Madolyn Doress, the academy's registrar, declares. "This is not a get-the-money-and-run operation. A student receives personalized attention, including those worthy students unable to pay the tuition. We like to get them out working as fast as possible."

The academy screens all applicants and accepts students of all ages. Class sizes are limited to a maximum of 10, and tuition is a fraction of what students would pay, even part-time, at any college.

The release-time theatrical program, consisting of three-hours of theater-arts training per day, allows high school students to earn extra credits while still in school.

Tabakin maintains the academy has supplied a sizable group of actors to the Washington-Baltimore-Richmond talent market, especially in the area of industrial films, and, he notes, "films need actors."

Tabakin says there are as many opportunities here as in the New York City area. "Many can practically earn a living just making the rounds of trade shows and ad agencies," he suggests.

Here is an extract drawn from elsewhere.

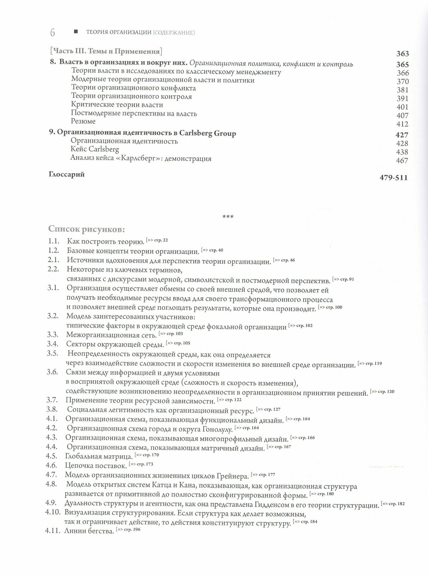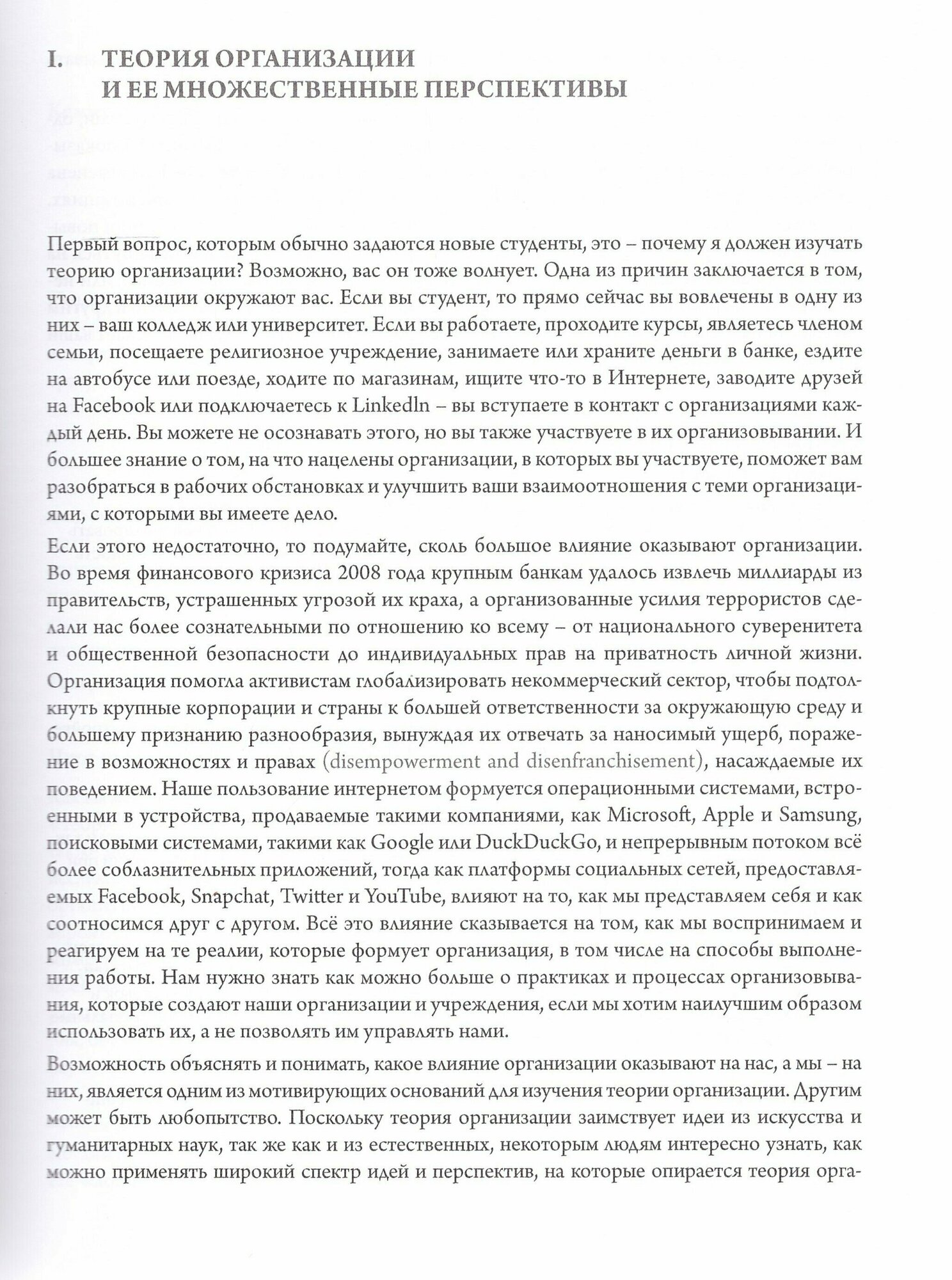 Претендующий на всеобъемлющий характер труд, первое издание которого еще в 90-х. Удобно, но порой поверхностно — сказывается попытка охватить как можно больше ключевых концептов. Значительное количество полезных кейсов, иллюстраций и ссылок. Почти все охвачено. Организация и окружающая среда, структура и технологии, культура и пространство. Особое внимание стоит обратить на главу «Власть в организациях и вокруг них» в которой разбираются как классические, так и современные теории, организационные конфликты и феномен контроля. К сожалению, нужно отметить местами некачественный перевод, снижающий позитивное впечатление от работы.

But the academy has been "trying to stay low-key," he says, "because of the various theater schools in the area. With our credentials, we don't feel the need to compete for bodies." The academy has not been aggressive in seeking financial subsidies. "Multiple forms to obtain minuscule grants cannot justify the time spent on them," Doress explains.

Nonetheless, significant grant recognition would be welcomed, because it would allow for the purchase of more expensive equipment, and expansion.

Joseph pinckney, an acting coach and longtime professional acquaintance of Tabakin, calls the academy "a one-of-a-kind place." He speaks of the personal pride, time and effort Tabakin invests in each student's training.

Watching Tabakin nervously tugging at his director's cap, shifting his pipe, in his mouth as he corrects and compliments each performer, one is convinced of it.